The elections of 5 March 1933 were, as historians have accurately said, ‘dominated by terror’. Not surprisingly, given the prevailing intimidation, the National Socialist Party won a majority. Yet it is worth noting that the Communists still took nearly five million votes and obtained eighty-one seats in the Reichstag. Although the Nazis had 288 seats, this was only 43.9 per cent of the vote, and the other parties held 359 seats. In other words, the majority of German citizens voted against the National Socialist Party.
But the Nazis were now not to be stopped. On 23 March, with its Communist deputies all either dead or in concentration camps, the Reichstag was dragooned into passing the notorious ‘Enabling Act’. By this act, it became ‘constitutional’ for the cabinet to frame laws without the approval of the Reichstag. Legislative and executive powers were now effectively merged, and Hitler was voted dictator. He had absolute and ostensibly ‘legal’ power to do as he wished with Germany. It had taken him less than two months to destroy the last vestiges of the country’s experiment in democracy. According to a cabaret joke at the time:
Members of which choral society earn individually more than Caruso: Reichstag deputies—they perform once a year, sing two songs (the national anthem and the ‘Horst Wessel Lied’) and receive twelve thousand marks each.9
In July 1933, the new régime signed a concordat with the Vatican. In the same month, another law was passed, making National Socialism the only legal party in Germany. To attempt to establish another would be punishable by a minimum three years’ imprisonment. Hitler’s authority was now beyond any possibility of challenge. Yet for his more grandiose designs, he needed the armed forces. It was to them that he began to turn his attention.
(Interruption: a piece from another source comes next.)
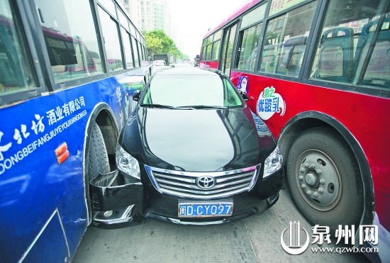 小轿车被夹在两辆公交车之间,动弹不得。

During the early years of his military career, Claus von Stauffenberg was, in many respects, less the single-minded professional soldier than the typical ‘Renaissance man’ he had been in the past. He read copiously, in a number of fields: military history, general history, politics, philosophy, psychology, economics, art and literature. He became fluent in Russian and English. Although no record exists of him having formally studied French, he appears to have known the language well. He continued to attend lectures and concerts, and maintained his ongoing apprenticeship to Stefan George. During 1930, while engaged in specialised military courses at Döberitz, he still contrived to attend readings and recitations at George’s Berlin apartment. ‘I had the greatest poet of the age as my master,’ he said to Nina.10 It was through George that the seeds of what would become Stauffenberg’s antipathy to National Socialism were planted in his mind.
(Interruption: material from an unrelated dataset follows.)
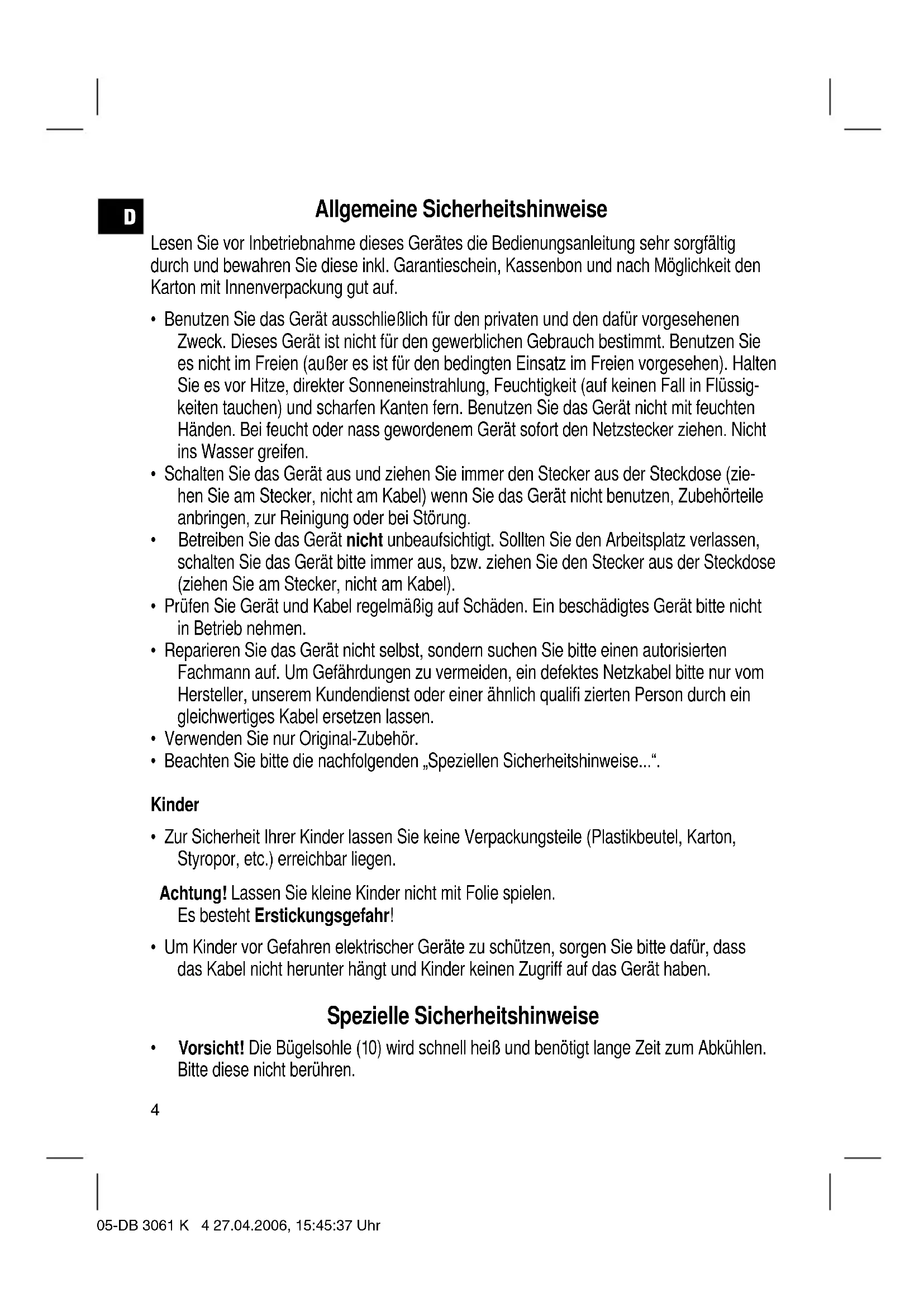 - Vorsicht! Die Bügelsohle (10) wird schnell heiß und benötigt lange Zeit zum Abkühlen. Bitte diese nicht berühren. 05-DB 3061 K 4 27.04.2006, 15:45:37 UhrD

As Nazism gained first support, then power, in Germany, certain of George’s poems came increasingly to be seen as prescient. Among the most important of these was a short lyric composed even before the First World War. Inspired by a famous painting of Signorelli’s, ‘Der Widercrist’ (‘The Antichrist’) was eventually to become a mantra for Stauffenberg’s circle of conspirators. Yet, as early as the 1920s, when Hitler first suddenly embarked on his quest for control of Germany, the poem could already be seen as prophetic; and George, as well as certain of his disciples, openly proclaimed it to be so.
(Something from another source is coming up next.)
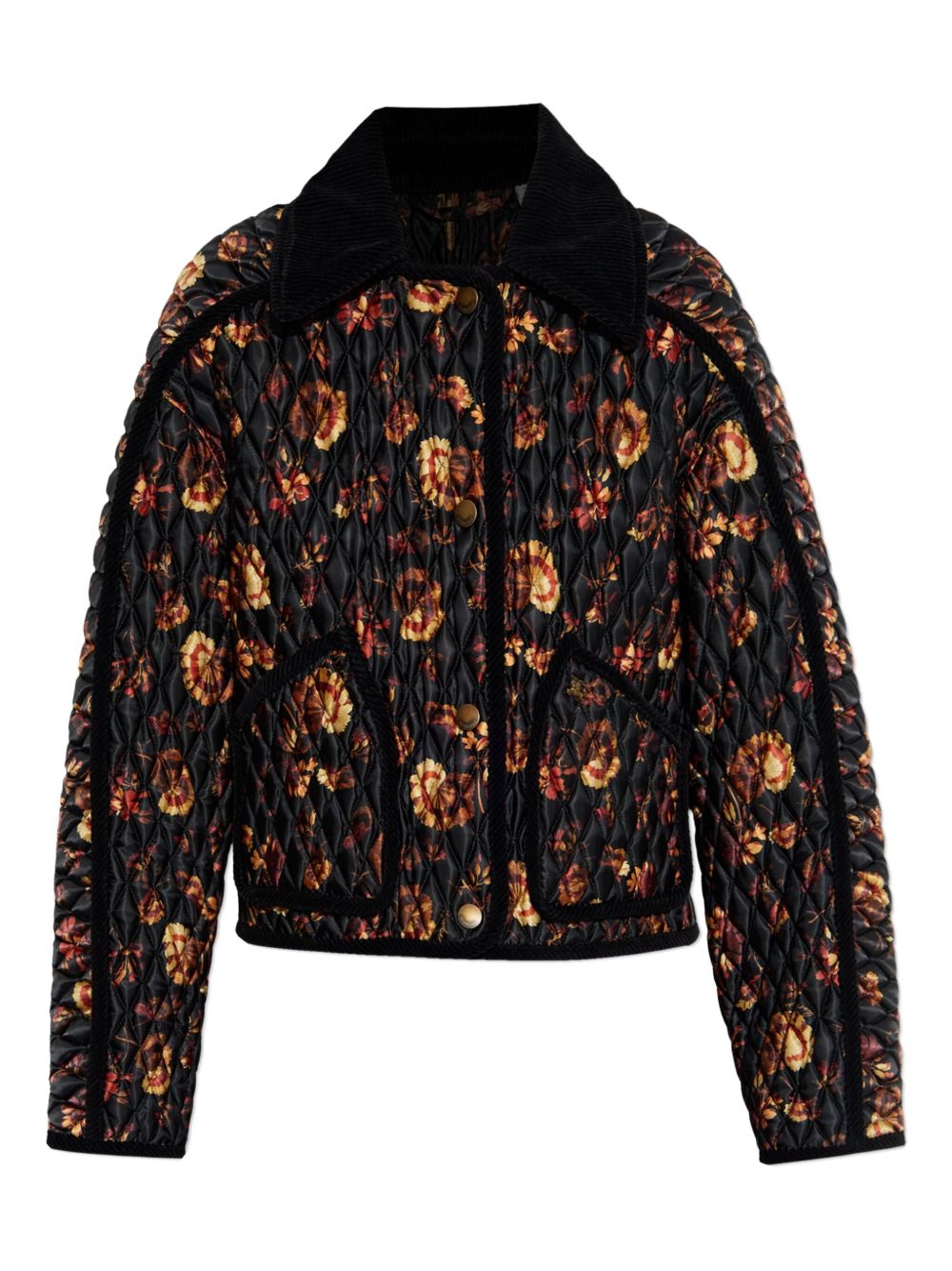 Giacca Floriston di BURBERRY multicolor in nylon, caratterizzata da finiture in velluto a coste, stampa geranio, chiusura con bottoni automatici e motivo metallico del cavaliere equestre sulla tasca.

‘He comes from the mountains, he stands mid the
pines!
We saw it ourselves! He transforms into wine
Clear water, and trafficks with dead men!’
Oh could you but hear how I laugh in the night!
My hour is now struck, my snares are all sprung
And fish fill my nets, thickly swarming.
Wise men and dullards, the mob, frenzied, reels,
Tramples the cornfields, tears up the trees.
Make way for the flock of the Risen!
No wonder of heaven but I can’t perform.
A hair’s-breadth impure, but you’ll not note the
fraud
With your stunted and stultified senses.
In place of the arduous and rare I invoke
The Facile; from compost I make things like gold,
And perfumes, and nectars, and spices.
And what the great prophet renounced I extol:
An art without ploughing or sowing or toil
Which yet drains the soil of its essence.
The high Prince of Vermin extends his domains;
No pleasure eludes him, no treasure or gain.
And down with the dregs of rebellion!
You cheer, mesmerised by demoniac sheen,
Exhaust what remains of the honey of dawn,
And only then sense the débâcle.
You then stretch your tongues to the now arid
trough,
Mill witless as kine through a pasture aflame,
While fearfully brazens the trumpet.11
George himself was hardly a conventional Christian. If anything, he was positively hostile towards conventional Christian theology, but he acknowledged a profound validity in the Christian emphasis on self-sacrifice; and he had no reservations about availing himself of Christian imagery and metaphor. The Antichrist in the poem derives in part from the figure in Revelation 19:20:
And the beast was captured, and with it the false prophet who in its presence had worked the signs by which he deceived those who had received the mark of the beast and those who worshipped its image.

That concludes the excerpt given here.